▶ Work request: Beginning with the first line of the data below, extract each line up to and including the one containing "Nos dias 8 e". Copy them exactly and add nothing.

Source records:
····················
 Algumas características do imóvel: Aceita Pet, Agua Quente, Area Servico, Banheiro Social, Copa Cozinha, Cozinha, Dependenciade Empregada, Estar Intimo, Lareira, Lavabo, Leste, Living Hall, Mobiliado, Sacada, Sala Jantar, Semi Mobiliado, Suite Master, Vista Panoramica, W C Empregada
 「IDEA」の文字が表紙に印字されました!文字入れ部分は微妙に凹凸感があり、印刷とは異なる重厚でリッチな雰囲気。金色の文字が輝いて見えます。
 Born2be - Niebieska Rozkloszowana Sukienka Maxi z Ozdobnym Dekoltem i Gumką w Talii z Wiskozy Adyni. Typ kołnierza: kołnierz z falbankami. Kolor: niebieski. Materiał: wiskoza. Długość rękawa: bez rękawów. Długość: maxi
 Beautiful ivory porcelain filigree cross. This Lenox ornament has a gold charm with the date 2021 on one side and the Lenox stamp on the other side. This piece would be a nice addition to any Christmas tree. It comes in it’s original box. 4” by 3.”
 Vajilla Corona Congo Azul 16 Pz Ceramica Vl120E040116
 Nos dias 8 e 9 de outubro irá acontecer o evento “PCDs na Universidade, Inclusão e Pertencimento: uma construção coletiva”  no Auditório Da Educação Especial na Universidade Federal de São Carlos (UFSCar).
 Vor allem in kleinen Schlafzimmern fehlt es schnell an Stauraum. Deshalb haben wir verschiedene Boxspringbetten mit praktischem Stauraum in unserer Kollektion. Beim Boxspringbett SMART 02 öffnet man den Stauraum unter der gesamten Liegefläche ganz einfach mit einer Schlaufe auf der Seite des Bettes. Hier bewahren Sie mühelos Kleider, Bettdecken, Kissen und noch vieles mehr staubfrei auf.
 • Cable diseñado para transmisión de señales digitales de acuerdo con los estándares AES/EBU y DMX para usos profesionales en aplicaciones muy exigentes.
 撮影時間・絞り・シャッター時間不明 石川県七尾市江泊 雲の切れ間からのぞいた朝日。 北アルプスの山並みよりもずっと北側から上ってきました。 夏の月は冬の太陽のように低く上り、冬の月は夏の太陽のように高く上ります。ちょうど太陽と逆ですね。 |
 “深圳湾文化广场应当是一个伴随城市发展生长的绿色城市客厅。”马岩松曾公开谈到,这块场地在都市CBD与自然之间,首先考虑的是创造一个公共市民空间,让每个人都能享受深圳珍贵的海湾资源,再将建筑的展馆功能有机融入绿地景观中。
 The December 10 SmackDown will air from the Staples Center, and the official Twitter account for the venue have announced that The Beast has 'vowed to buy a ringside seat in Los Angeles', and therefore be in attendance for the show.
····················
▶ The completed task:
 Algumas características do imóvel: Aceita Pet, Agua Quente, Area Servico, Banheiro Social, Copa Cozinha, Cozinha, Dependenciade Empregada, Estar Intimo, Lareira, Lavabo, Leste, Living Hall, Mobiliado, Sacada, Sala Jantar, Semi Mobiliado, Suite Master, Vista Panoramica, W C Empregada
 「IDEA」の文字が表紙に印字されました!文字入れ部分は微妙に凹凸感があり、印刷とは異なる重厚でリッチな雰囲気。金色の文字が輝いて見えます。
 Born2be - Niebieska Rozkloszowana Sukienka Maxi z Ozdobnym Dekoltem i Gumką w Talii z Wiskozy Adyni. Typ kołnierza: kołnierz z falbankami. Kolor: niebieski. Materiał: wiskoza. Długość rękawa: bez rękawów. Długość: maxi
 Beautiful ivory porcelain filigree cross. This Lenox ornament has a gold charm with the date 2021 on one side and the Lenox stamp on the other side. This piece would be a nice addition to any Christmas tree. It comes in it’s original box. 4” by 3.”
 Vajilla Corona Congo Azul 16 Pz Ceramica Vl120E040116
 Nos dias 8 e 9 de outubro irá acontecer o evento “PCDs na Universidade, Inclusão e Pertencimento: uma construção coletiva”  no Auditório Da Educação Especial na Universidade Federal de São Carlos (UFSCar).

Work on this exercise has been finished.